Si è svolto tra l’8 e il 14 luglio il corso “Wip Ecosoc” di Associazione Diplomatici, ong italiana in status consultivo con l’ Ecosoc delle Nazioni Unite, in collaborazione con l’ASviS. 25/7/2019

Il percorso di alta formazione Wip-Ecosoc per giovani aspiranti diplomatici rientra nelle attività di educazione dell’Alleanza e consiste in una settimana intensiva centrata su relazioni internazionali, cooperazione e sviluppo sostenibile, dedicata a venti studenti universitari italiani selezionati. Il progetto, oggi giunto al quinto appuntamento, si propone di offrire la possibilità di vivere un’esperienza di elevato valore professionale e consente di sperimentare in prima persona il funzionamento dei lavori delle Nazioni unite, attraverso numerosi seminari, visite, incontri con professionisti, rappresentanti delle organizzazioni internazionali e attori della società civile. L’obiettivo è quello di informare gli studenti sui temi di dibattito dell’High-level political forum (Hlpf), l’assemblea annuale dei Paesi membri dell’Onu riuniti a New York per rendicontare sui progressi compiuti nel conseguimento degli Obiettivi di sviluppo sostenibile dell’Agenda 2030.
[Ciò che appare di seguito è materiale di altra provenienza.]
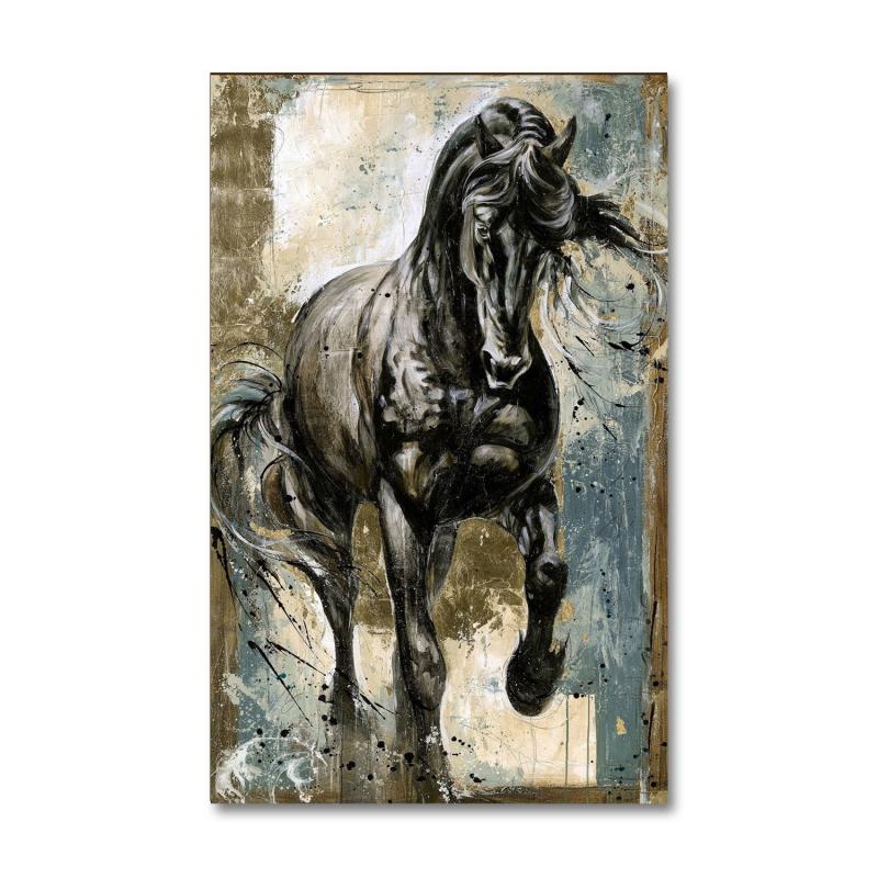 | Vera Siyah Koşan At Baskılı Ahşap Tablo Model 2 |

Per fare il punto su quanto avviene in Italia e nel mondo rispetto agli SDGs e sensibilizzare i ragazzi su questi temi affinché ne tengano conto nelle loro scelte lavorative e di studio, hanno partecipato al programma didattico il portavoce Enrico Giovannini e Ottavia Ortolani del Segretariato dell’ASviS.
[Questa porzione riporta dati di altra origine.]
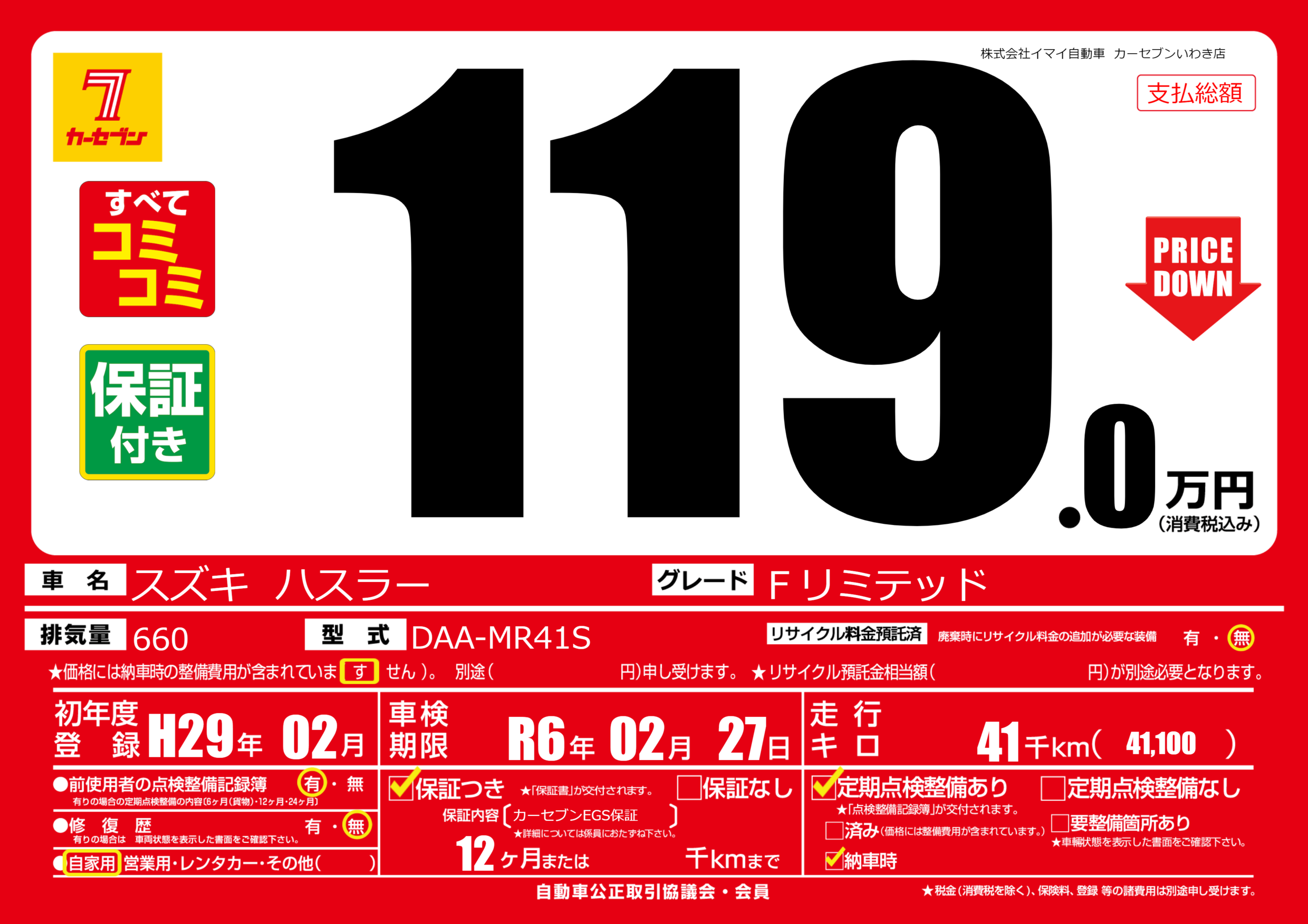 | 走行キロ | 4.1万km | 初年度登録 | H29年02月 |

Tra gli appuntamenti più significativi della settimana, la visita alla rappresentanza permanente d’Italia presso l’Onu e al Consolato italiano dove il console generale Francesco Genuardi ha offerto una panoramica sulla diffusione della cultura italiana all’estero che trova proprio nella città di New York uno dei suoi centri più strategici.
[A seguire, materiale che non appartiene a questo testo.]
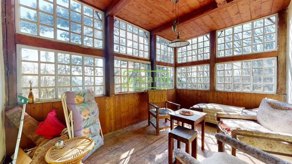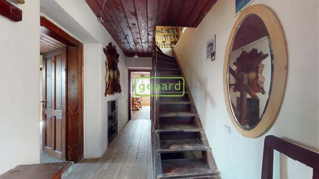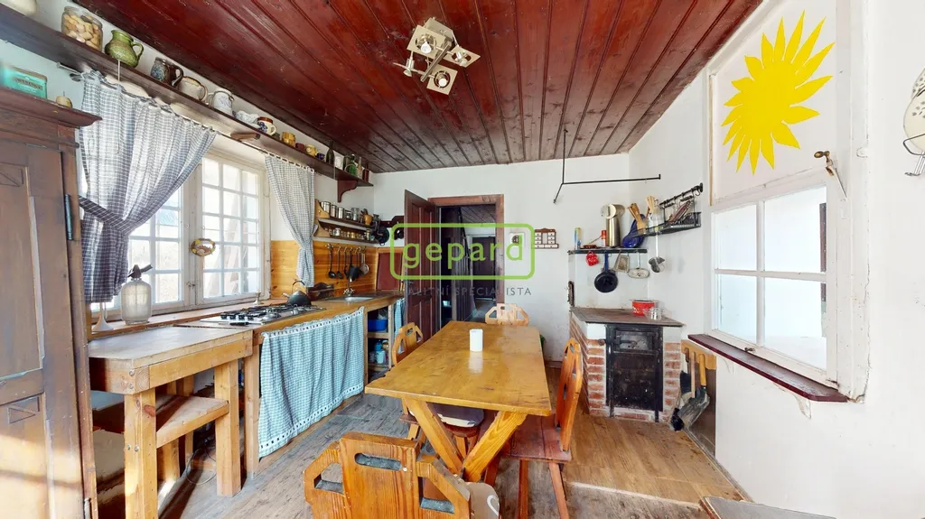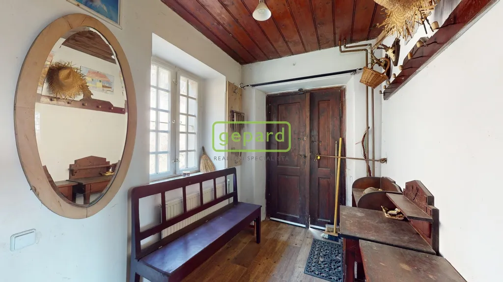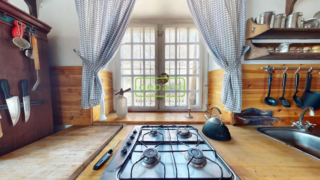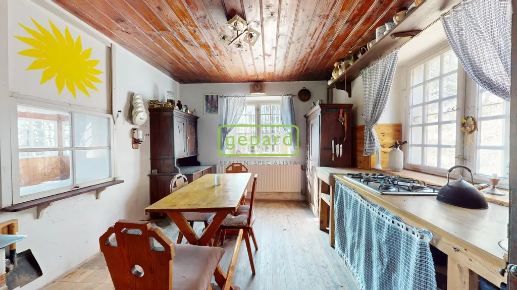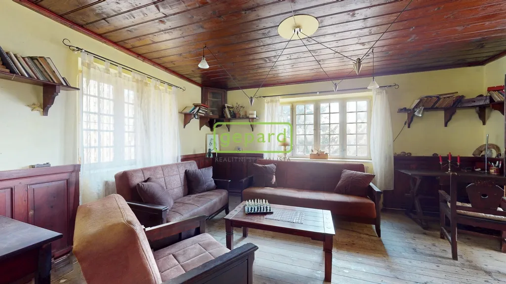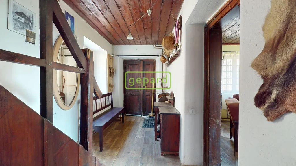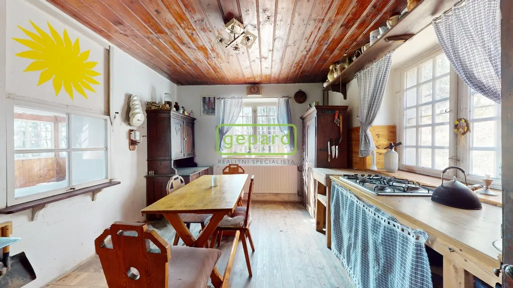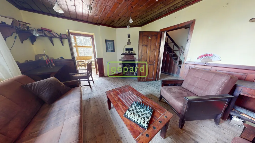 Hlavní obytné patro tvoří srdce celé nemovitosti. Najdete zde kouzelný obývací pokoj, samostatnou kuchyni, suchý záchod a nádhernou zimní zahradu, která nabízí přímý kontakt s okolní přírodou. Interiér si zachoval svůj původní charakter – dřevěné podlahy, stropy, masivní dveře i vybavení, které zůstává součástí prodeje.

L’incontro con Massimo Tommasoli dell’International institute for democratic and electoral assistance (Idea) ha poi approfondito il processo di negoziazione tra i 193 Paesi membri che ha condotto all’approvazione dei 17 Obiettivi, 169 target e 232 indicatori statistici nel 2015. Emozionante la visita guidata al quartier generale delle Nazioni unite, seguita dalla partecipazione a due eventi nell’ambito dell’High-level political forum su disuguaglianze tra i Paesi ed educazione. Anna Myriam Roccatello, direttrice del programma dell’International Center for Transitional Justice ha invece approfondito il tema della transitional justice, un insieme di processi e misure per affrontare le cause e le conseguenze di gravi violazioni dei diritti umani e del diritto internazionale umanitario. Di questi stessi temi ha trattato uno dei video vincitori del premio “SDGs in Action film Festival” cui gli studenti hanno avuto la possibilità di assistere al palazzo di vetro. Il calendario è stato arricchito da incontri con imprese multinazionali che hanno espresso il punto di vista del settore privato, soffermandosi in particolare sul ruolo cruciale della leadership nell’indirizzare gli investimenti in ricerca, sviluppo e innovazione che possano avere ricadute positive non solo sul piano prettamente economico, ma anche su quello sociale e ambientale.

L’ASviS ha realizzato e messo a disposizione dei partecipanti il corso e-learning “L’Agenda 2030 e gli Obiettivi di sviluppo sostenibile”, che intende spiegare, con un linguaggio semplice e accessibile, i 17 SDGs e diffondere la conoscenza dell’Agenda 2030, oltre all’e-book “L’Utopia Sostenibile” di Enrico Giovannini e altri materiali didattici.